Я ей подмигнул и подправил контур горы, получился медведь, пьющий из моря. Она всадила тройку стремительных чаек, потом зачем-то добавила целую стаю над скалой, чайки тут же бесцельно заметались, хрипло крича противными голосами.

Я убрал наиболее крикливых; она засмеялась и, откинув назад волосы, сказала:

— Видишь, все предельно просто.

Потом серьезным голосом спросила:

— Прощаться с ней будешь?

Я, тоже став серьезным, уверенно кивнул.

— Ну, смотри… Ялта подойдет? Июль?

— Ночь можно?

Она улыбнулась, щелкнула пальцами — и тут же опустилась тьма. Июльская ночь, Ялта.

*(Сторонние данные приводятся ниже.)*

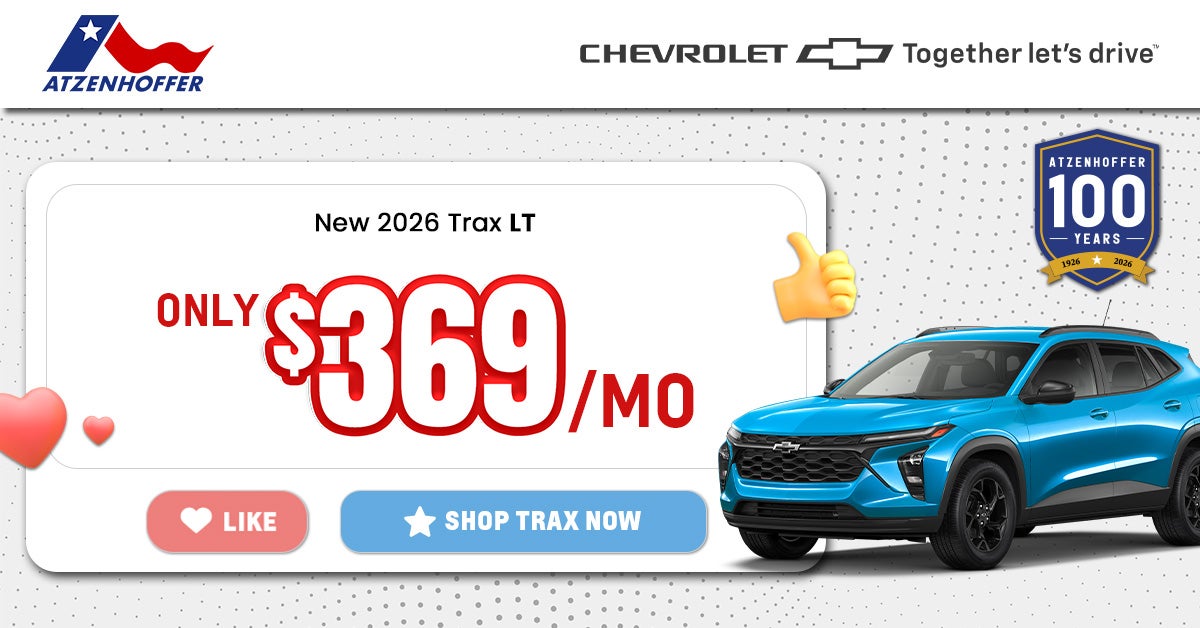 Stock#: C085443 MSRP: $26,385 New 2026 Chevrolet Trax LT. Payments are calculated at 84 months with $1,000 down payment at 5.9% APR $14.57 per $1,000 financed. With approved credit. Prices do not include tax, title, license or $250 doc fee. Must take retail delivery by 3/31/2026. Not combinable with other offers; in stock units only. Additional exclusions or limitations may apply. Please see Atzenhoffer Chevrolet for complete offer details, eligibility requirements, and applicable terms and conditions.

Все светофоры на набережной радостно пульсируют желтым, словно им, наконец, удалось поймать и остановить время. Да, похоже, оно попалось: так заевшая мелодия спотыкается на той же фразе снова и снова, не в силах вырваться из хитрой ловушки. Это мне на руку: я давно мечтал воспользоваться отсутствием времени.

Мы плавно превращаемся в ночных прохожих — самую симпатичную разновидность пешеходов; мы шаркаем беспечно — эхо беспечно шаркает нам в ответ. Или это море?

Теплый запах ночной воды и летней провинциальной пыли. Желтоватые вигвамы фонарного света разбиты аккурат вдоль набережной, теперь уж нам точно не сбиться. Однако не все так просто: коварная луна пытается строить козни — вздумала поиграть в прятки: то исчезнет за черной трубой или колокольней, то выглянет в дыру меж домов, то, дразнясь, покажет серебристый ломтик над крышей, а то и разлинованную дольку сквозь ограду. Ты замедляешь шаг, прикладываешь палец к губам — «Ш‑ш‑ш!» (я уже догадался, что ты задумала); прокравшись из тени, ты ловко подставляешь ладони и наполняешь их лунным светом. Полная пригоршня голубоватого, мерцающего серебра. Бережно, словно котенка, ты прячешь его у меня на груди, за пазухой. Луна вздыхает: ладно, ладно, больше не буду, и поднимается выше, почти в зенит.

Мы бредем мимо спящих витрин; отражения наших отражений скользят в их бездонной тьме, там, под нами, вспыхивают плавники волшебных рыб, глубже неслышно проплывают гигантские тени китов, кажется, почти касаясь своими хвостами верхушек мачт затонувших фрегатов и бригов. В их трюмах — золото инков и майя, мальтийские цехины, бранденбургские дукаты с профилями трех кронпринцев, голландские гульдены и суверены, испанские дублоны с крестом и гербом Филиппа Четвертого.

«Это все — твое», — говорю я с галантной строгостью испанского дожа кисти Эль Греко.

Ты только улыбаешься.

«Ну а как же невероятной красоты сокровища: вот рубины, внутри каждого вздрагивает пурпурная капля — горит как кровь, а эти ледяные топазы, словно разбитое вдребезги январское утро?»

Ты смеешься — зачем? Мотаешь головой: «Нет, кому это нужно?»

Я не унимаюсь (я могу быть настойчивым, даже упрямым): «Но, может, хоть это?» Наклоняюсь, показываю рукой: там лунный свет просочился сквозь листву и рассыпался мерцающим жемчугом по асфальту. Ну? Опять нет?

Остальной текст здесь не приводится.